=== Section Start ===

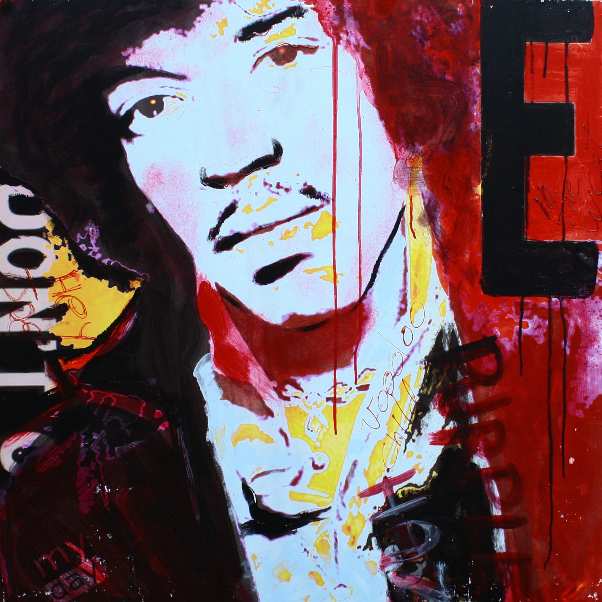 Con Amnesia, Fabio Gismondi ripropone nelle sue opere, con vibrata forza cromatica, da pittore che conosce bene le tecniche moderne della composizione artistica, le icone della nostra cultura.
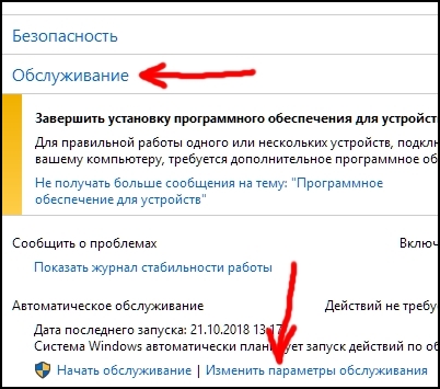 4) Перейдите в панель управления ? Центр безопасности и обслуживания ? «Обслуживание» ? «Изменить параметры обслуживания»:
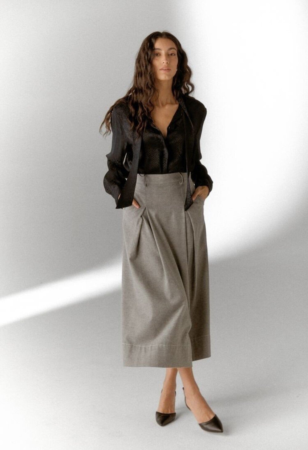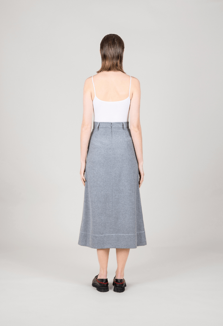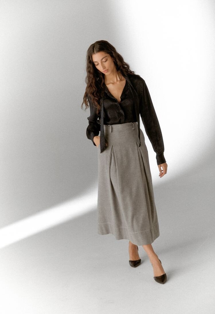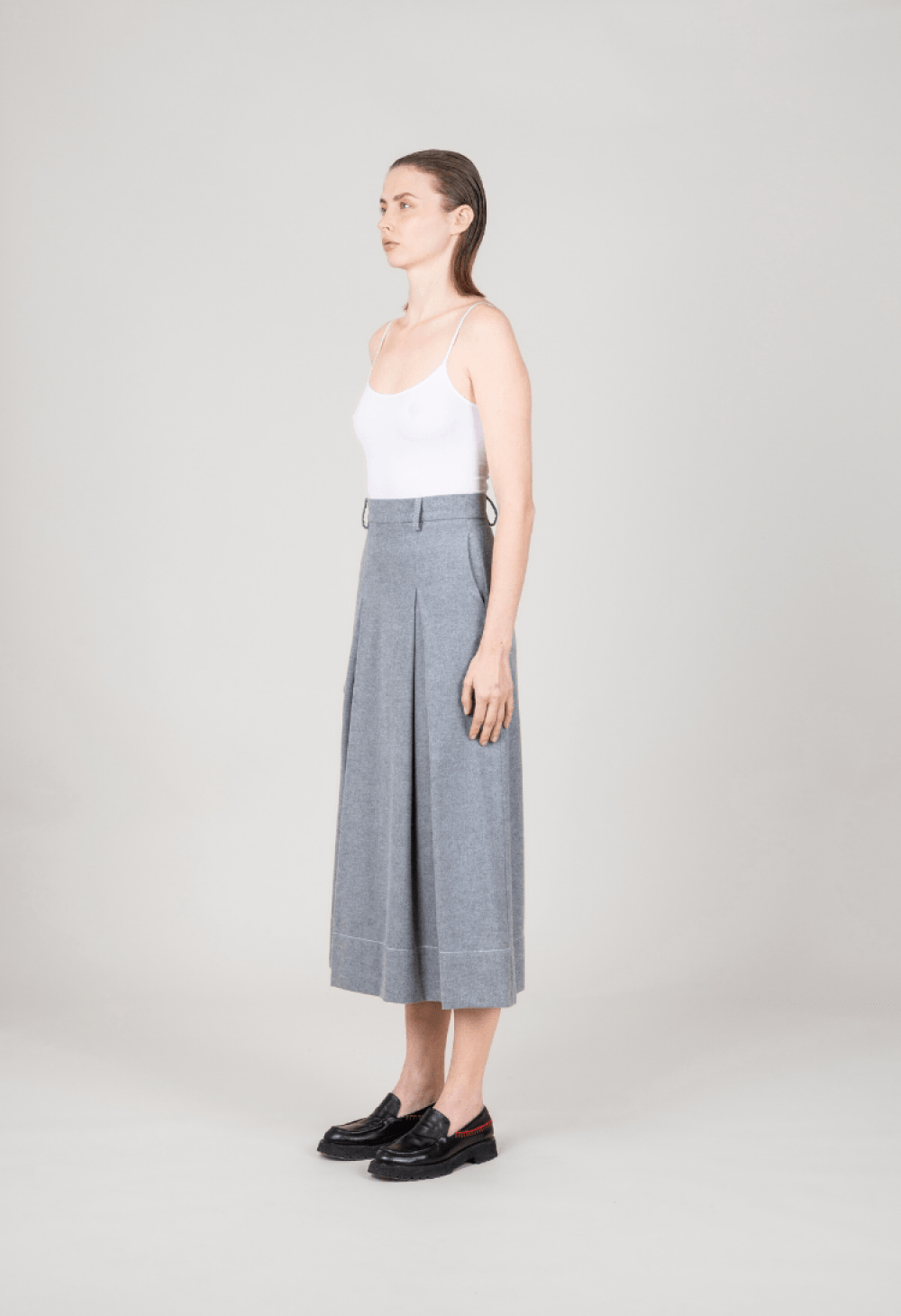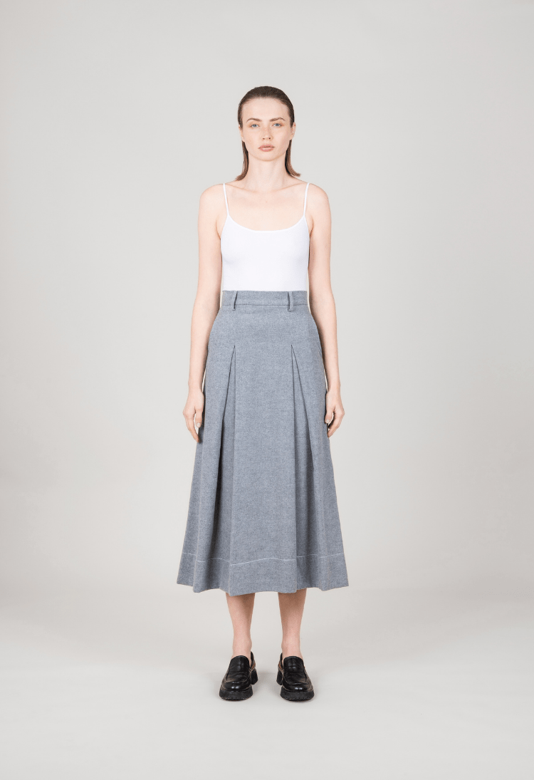 Gonna a pieghe in misto caldo cotone. orlo alto ribatutto in contrasto e tasche laterali in cucitura.
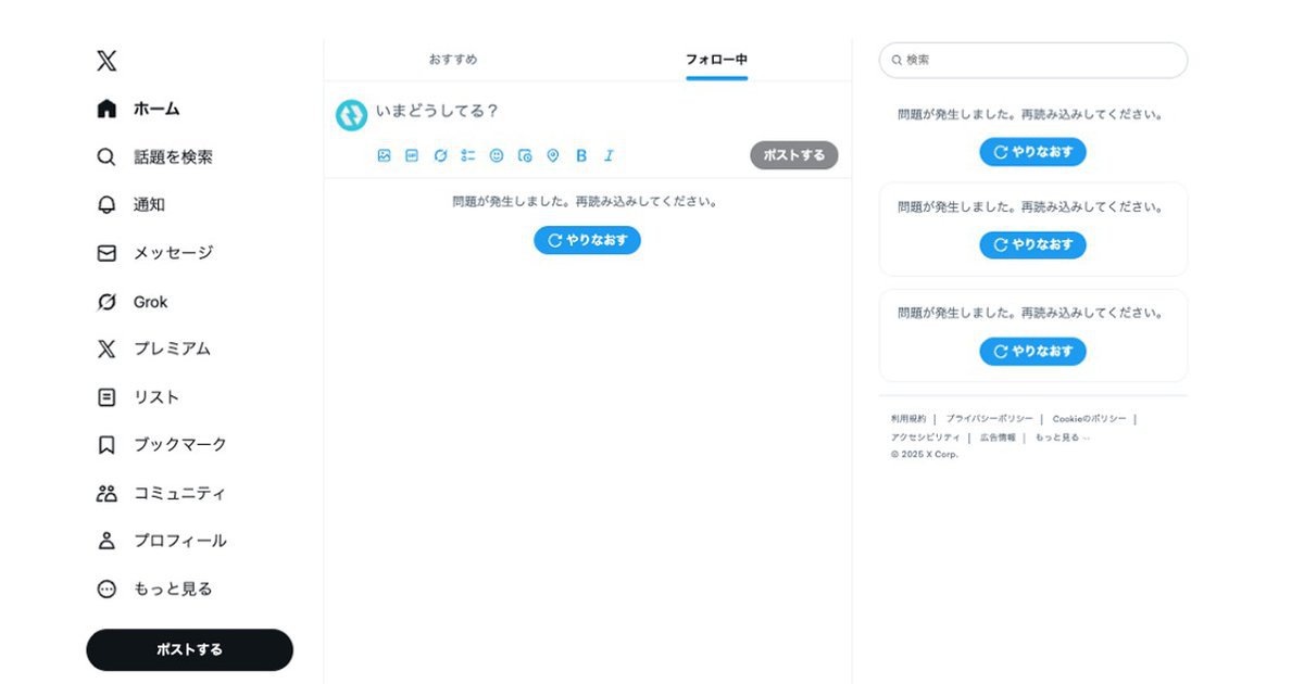 aqz/tamaina :futatsume: yesterday Xでシステム障害 ポストの投稿や読み込みなどできない状態に Xでシステム障害 ポストの投稿や読み込みなどできない状態に #NewsDigest
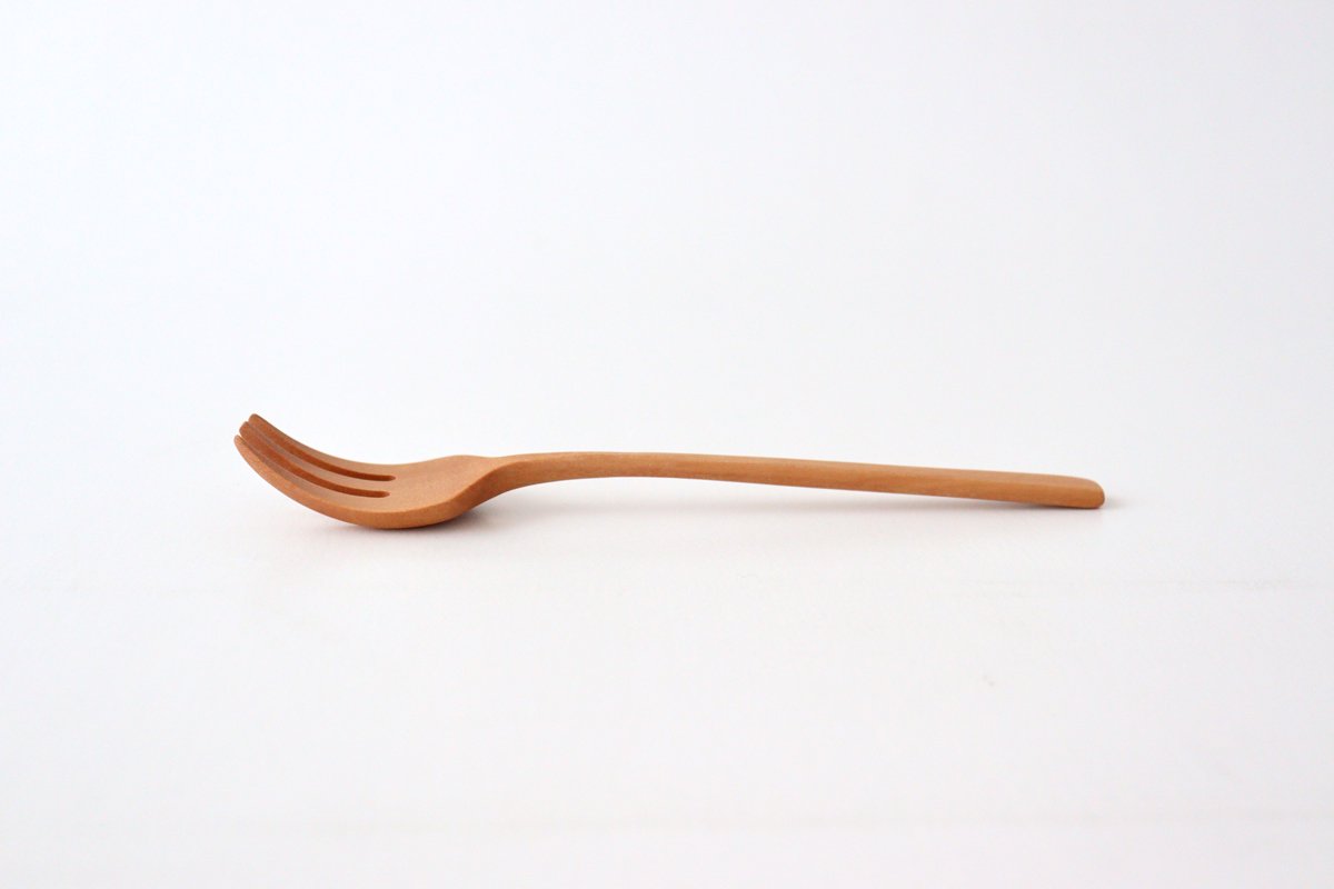 A table fork made from a fruit tree called Sao in Indonesia. The wood with its beautiful grain is made of hard wood, but because it is coated with urethane, it feels smooth and comfortable. It is carefully made, has a very pleasant texture, and will be fun to use every day. It has excellent durability and water resistance, making it perfect for everyday use.
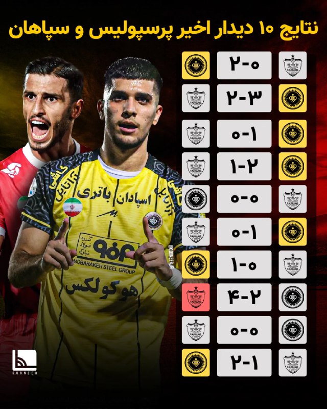 🤩🤩نتایج ده تقابل اخیر پرسپولیس و سپاهان
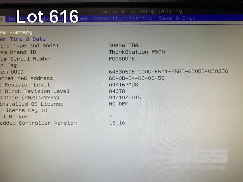 MIDI-TOWER PC, LENOVO THINKSTATION P500 WORKSTATION, XEON E5-1706 v3 @ 3.1GHz, 32GB DDR4 RAM, 256GB M.2 SSD, 500GB SATA HDD, 4GB NVIDIA QUADRO K2200 VIDEO, WINDOWS 10 PRO INSTALLED (NO KEYBOARD, NO MOUSE) S/N:PC05DDDE
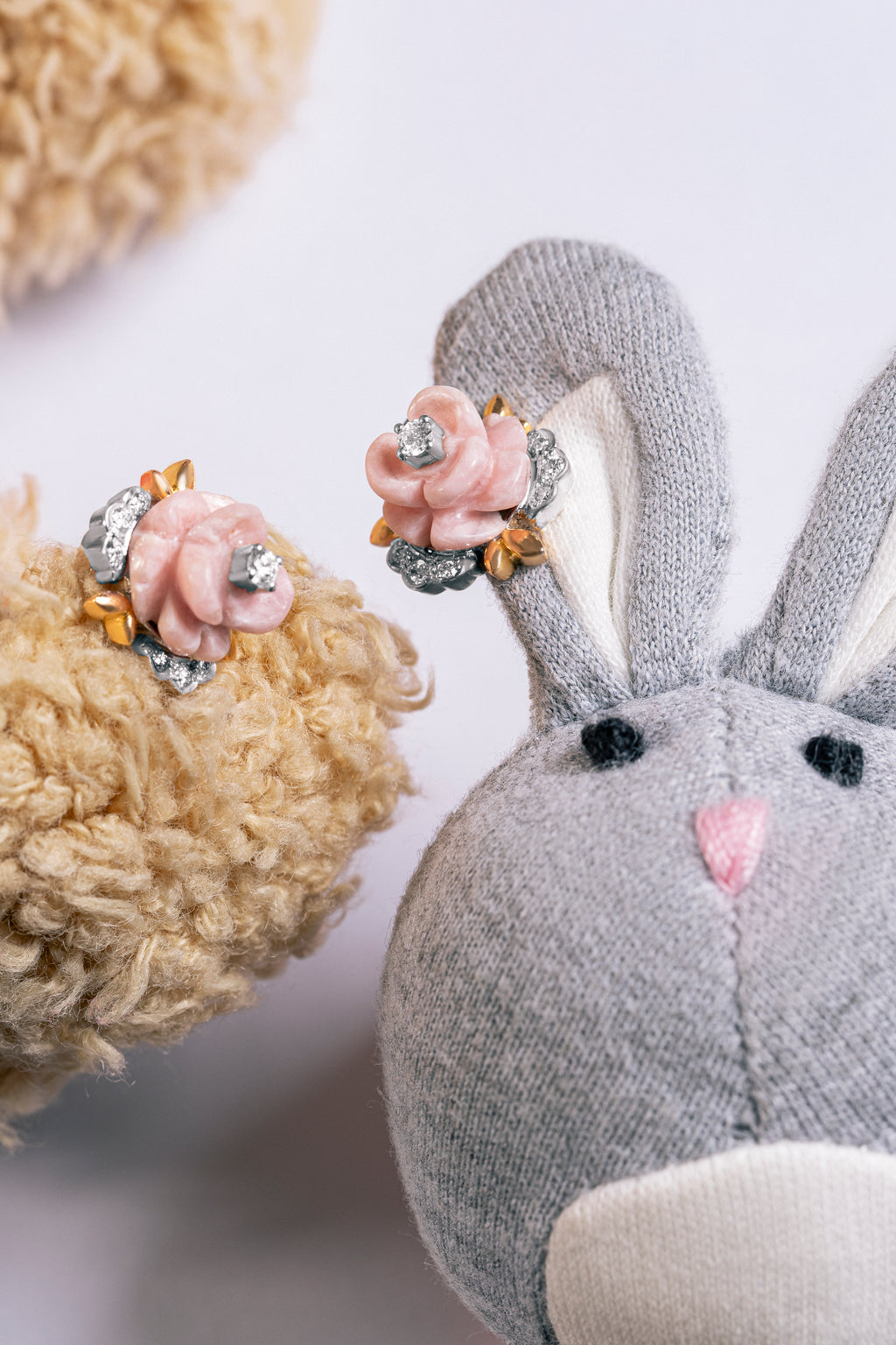 Carved baby-pink rhodochrosite rosebuds bloom beside polished gold petals and sparkling diamonds. Soft, delicate, and feminine — an effortlessly wearable pair that’s sweet, versatile, and suited for all ages.
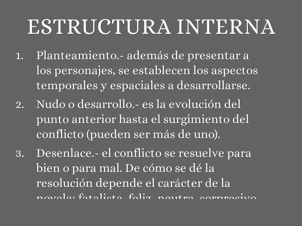 - Desenlace.- el conflicto se resuelve para bien o para mal. De cómo se dé la resolución depende el carácter de la novela; fatalista, feliz, neutra, sorpresivo.
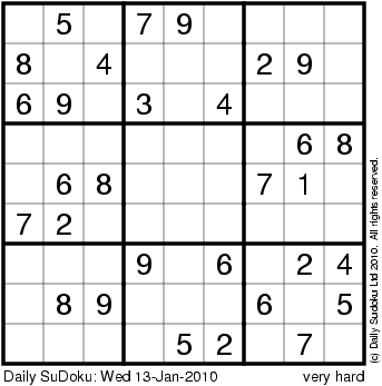 The Daily SuDoku: Wed 13-Jan-2010

=== Section End ===

» **PROBLEM**: Leaving the pictures aside, transcribe exactly the lines from the one containing "- Desenlace.- el" to the final line of the entries above, both ends included.

» **RESULT OF THIS EXERCISE**:
 - Desenlace.- el conflicto se resuelve para bien o para mal. De cómo se dé la resolución depende el carácter de la novela; fatalista, feliz, neutra, sorpresivo.
 The Daily SuDoku: Wed 13-Jan-2010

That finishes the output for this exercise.